Fixing Parallel Row Skew With TOP In SQL Server (With A Brief Re-Complaint About CXCONSUMER Waits)

Fixing Parallel Row Skew With TOP In SQL Server (With A Brief Re-Complaint About CXCONSUMER Waits)


Video Summary

In this video, I delve into the issue of parallel skew in queries and how it can lead to suboptimal execution plans. After receiving feedback on my previous video about CX consumer weights and detecting parallel skew through CX sync port weights, I decided to create a follow-up focused on fixing these issues. We start by examining a problematic query that took 15 seconds to complete due to uneven parallelism, with most of the work being done on a single thread despite an eight-way degree of parallelism. The solution involves introducing a `TOP` operator within a `CROSS APPLY` to better distribute rows and balance the workload across threads, resulting in a more efficient execution plan.

Full Transcript

Erik Darling here with Darling Data. I did tweak some audio settings, so hopefully there’ll be less noise gate cutoff of things, and only when I’m actually silent will you not hear any of the weird background stuff that goes on in my office or the frequent sirens that go by my house in lovely, crime-free New York. So today’s video, I don’t actually, I’ll tell you here, a while back I recorded a video about CX weights, like CX consumer and CX sync port, how to detect parallel skew in queries and how to figure out if that’s why your query is slow, and some of the feedback that I got from that, both on YouTube and and story and they have spend.

Y Oh,unnoV Mod and they notes3 very, but silk. how do I fix it? So finally got around to recording a video about how to fix it. So let’s do that.

Let’s talk about fixing it. But let’s go back in time a little bit and let’s look at what the problem is and some of the other surrounding stuff. So let’s make sure I have query plans turned on here. Actually, let’s make sure I have query plans turned on here ahead of time too, so I don’t go and screw anything up. And I’m going to run this whole kit and caboodle right now.

And we’re going to get a little bit of execution plan noise on this, but that’s okay because we’re doing stuff up here and then we’re doing stuff down here. But the bottom line is that this query should take around 15 seconds to complete. And there we go, right at the 15 second mark. There we go. If you look under my armpit, you’ll see 15 seconds down there. It’s amazing. It’s immaculate, right? So what happened? Why? What went on with this awful query? This abomination? Well, let’s start by looking a little bit at weight stats. And one of my chief complaints about a lot of things in SQL Server is that, you know, at some point in time, someone at Microsoft said, CX consumer weights, no big deal. Ignore them. Don’t ever think about them. But I think we can see pretty well here that CX consumer weights were a big deal for this query and that we should maybe pay attention to them because it’s a lot of time spent waiting on the old CX consumer.

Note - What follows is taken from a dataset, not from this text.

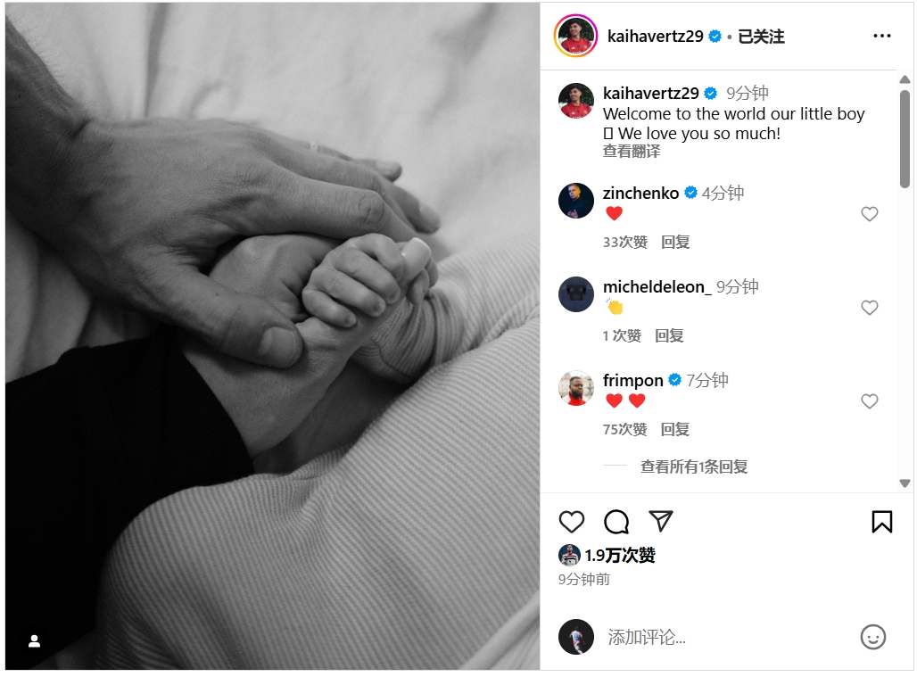 03月26日訊 哈弗茨在社交媒體曬出照片,宣布兒子的出生。哈弗茨寫道:我們的小男孩,歡迎來到這個世界。我們愛你。哈弗茨和妻子索菲婭-韋伯于去年7月舉辦婚禮,索菲婭-韋伯是一名模特,哈弗茨與她相識于2018年。去年11月,索菲婭-韋伯宣布懷孕。 本文標(biāo)簽: 足球 英超 阿森納

Now, in the original video, one thing I noted was that the CX sync port weight, the time on that was just about even with the query execution time. And I think that might be another way that no one has said we should ignore yet to detect parallel skew in a query, which is great, you know, awesome, cool. So let’s look at the query plan. And let’s look at where things went wrong. And then we’ll look at how to fix it, how to fix it. All right. So the bad part of this query, or rather where the problems start in this query is over here, when we have this serial zone, it gets flipped to a parallel zone, and then sent into a nested loops join. And what happens is if we look at the properties of this thing, actually, that was really well set up. Usually, I’m not that well prepared, but here we go. All right. Well, actually, this part’s a little bit off. Maybe this wasn’t the greatest idea in the world. Let’s see if I can slide that over a little bit. There we are. All right.

Maybe that’s the secret. Maybe I’m just not loud enough. I should be loud and dumb. I watched the movie American Fiction last night, finally. It’s a very funny movie. And there’s a line in it that really stuck out to me, where it said, I forget, I can’t remember. I’m not good at actor names. I can never remember anyone. Like, I don’t know. I’m just bad at it.

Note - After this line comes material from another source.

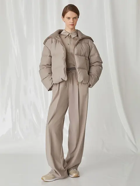 MARELLA Piumino con collo in maglia tortora T. 42 | leChicche

But the star of the movie said something like, the dumber I act, the richer I get. I got a kick out of that. And I was like, wow, I got to try acting real dumb. Because apparently, lots of people who act real dumb make a lot of money. So maybe that’s a good tack for me to take in my career. I’m going to start acting dumb or dumber than usual, maybe. I don’t know. Maybe I’m not acting dumb enough. But if we look at the details here, I can stop moving around. We can see that all these rows end up on a single thread. That’s an eight-digit number. Because I have two fingers left up. So that’s an eight-digit number there of rows. So that’s 10 million rows, I think. Ended up on a single thread. And of course, we have a fully parallel execution plan. But having 10 million rows on a single thread kind of just makes it a serial execution plan. It doesn’t matter how many threads you throw at it. If all 10 million or if rows heavily skew towards a single thread, it’s not going to be a good time for your parallel plan. Especially a parallel nested loops plan.

And you should watch my video about parallel nested loops to learn more about why. It’s a good video. If you like this video and you subscribe to my channel, you will get notifications every time I pass on one of these remarkable nuggets of knowledge to you for free.

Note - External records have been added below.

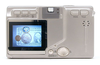 Equipped with a telescoping, 3x, 8-24mm Hexanon lens (39-117mm 35mm equivalent), the KD-400Z's tiny size doesn't compromise its optics. Focus remains under automatic control, and ranges from 1.6 feet (0.5 meters) to infinity in normal mode, and from 3.9 inches (10 centimeters) to infinity in Macro mode. Apertures range from f/2.8 to f/8.2, with actual values depending on the lens' zoom setting. A blue AF illuminator lamp on the front of the camera shines a dim light on the subject in low-light situations. In addition to the camera's 3x optical zoom, as much as 2x digital zoom is also available, effectively increasing the KD-400Z's zoom capability to 6x. (I always remind readers that digital zoom typically decreases overall image quality because it simply enlarges the center pixels of the CCD image. Resulting images often have softer details and higher noise levels.) Both a real-image optical viewfinder and 1.5-inch color LCD monitor are available for composing images. The LCD monitor features an information display that reports limited camera settings information (though not the shutter speed or aperture settings).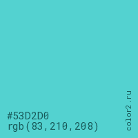 Цвет #53D2D0 в цветовой модели RGB обозначается тремя октетами (83, 210, 208) в десятичном формате и #53D2D0 в шестнадцатиричном (hex) формате, которые являются интенсивностью красного 83 (hex 53), интенсивность зелёного 210 (hex D2) и интенсивность синего 208 (hex D0).
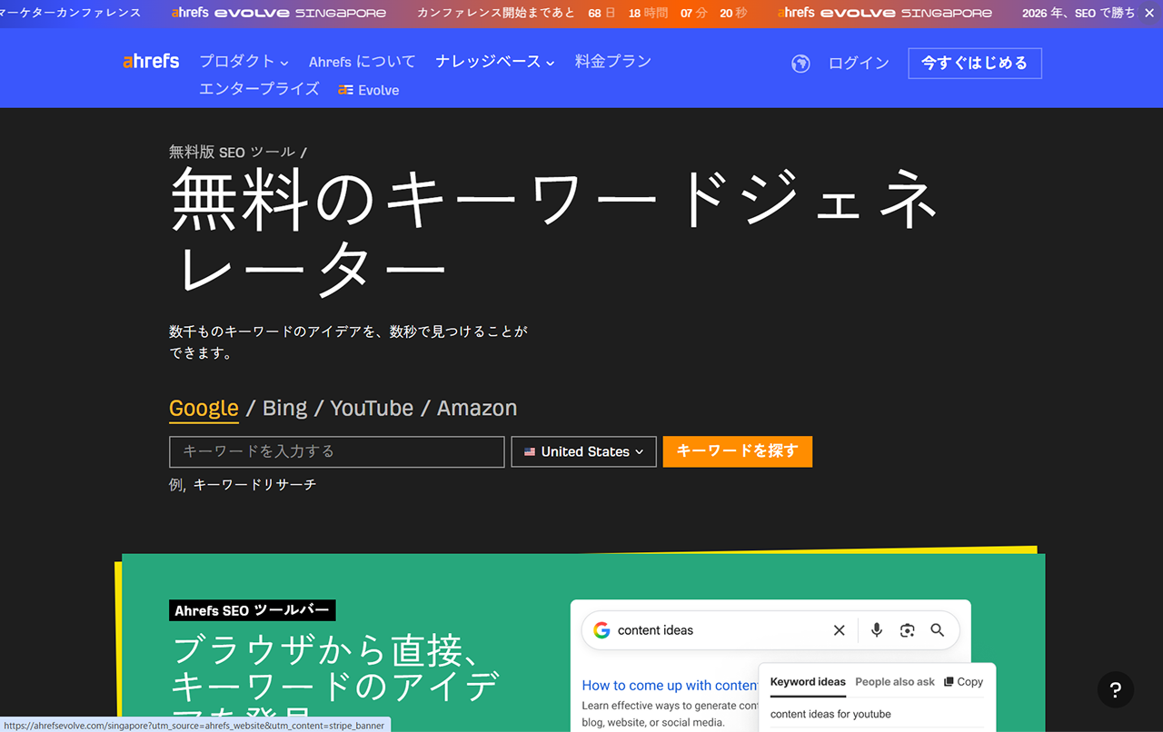 Ahrefsは、SEOやコンテンツマーケティングに特化したツールで、バックリンク分析や競合分析に優れています。また、検索ボリュームやキーワードのランキング、関連キーワードの提案なども可能です。特に、海外SEOにおいて高い評価を得ているツールです。

Amazing things will happen to your career. You might go from junior DBA to regular DBA to senior DBA to staff DBA to principal DBA to president of the DBA society. You never know. You never can tell. But the thing here is that this situation proceeds throughout the query plan. The 10 million rows still all on one thread. There you can see that. I can zoom in a little bit to make life a little bit easier than some of you old fogies who watch with your bad eyes. And if we highlight this arrow right here, I mean, it’s going to be fewer rows on this one. Oh, what happened there?

Oh, you know what? The compute scale I messed things up. You can look at this one. But still, all of the rows are on a single thread, right? So we had essentially a parallel query where one thread did all the work, right? And that’s not good because this query ran at a degree of parallelism of eight. The ocho, as they say. Eight, right? And the reason why I brought up the weight stats over here, right, where you can see CX consumer loud and clear as a session level weight stat is because if you look in the query plan, CX consumer, at least I hope it’s going to not be there because it’s never been there before. If it’s there now, I’m going to lose my mind. But it’s not.

Okay, great. So I was actually writing a blog post because when this stuff originally started coming around, one of the things that I complained about was that lock weights didn’t show up in query plans. And then I went to complain about it in another blog post. And apparently they show up now. So I should probably actually write a blog post to correct my other blog post. That’s not a bad idea.

If someone can leave a comment on this video reminding me to do that, I would really appreciate it. So yeah, so CX consumer weights do not show up in here, but those CX sync port weights do, right? So we can see all that going on in there. That’s 15 seconds about, right? That’s about how long our query executed for. And if we look there, if we actually come back to the results, CX sync port, 14,779 milliseconds, which is 14.779 seconds. And well, that’s, you know what? Horseshoes, hand grenades, government work.

We’ll take it. That’s close enough for me. All right. I don’t know why this window moved. It had no business moving. So we’re going to pop that back over there. And then, actually, before I move on, I should show you the part of the query that caused the problem, right? Because we have a problem area in this query. And that’s right here, this cross join, where SQL Server’s like, yep, one row is going to come out of there. And sometimes cross joins can be fine. Other times like this, we end up with, I don’t know what we just saw, where we have a fully parallel plan. SQL Server didn’t do a good job of splitting rows out to all the parallel threads.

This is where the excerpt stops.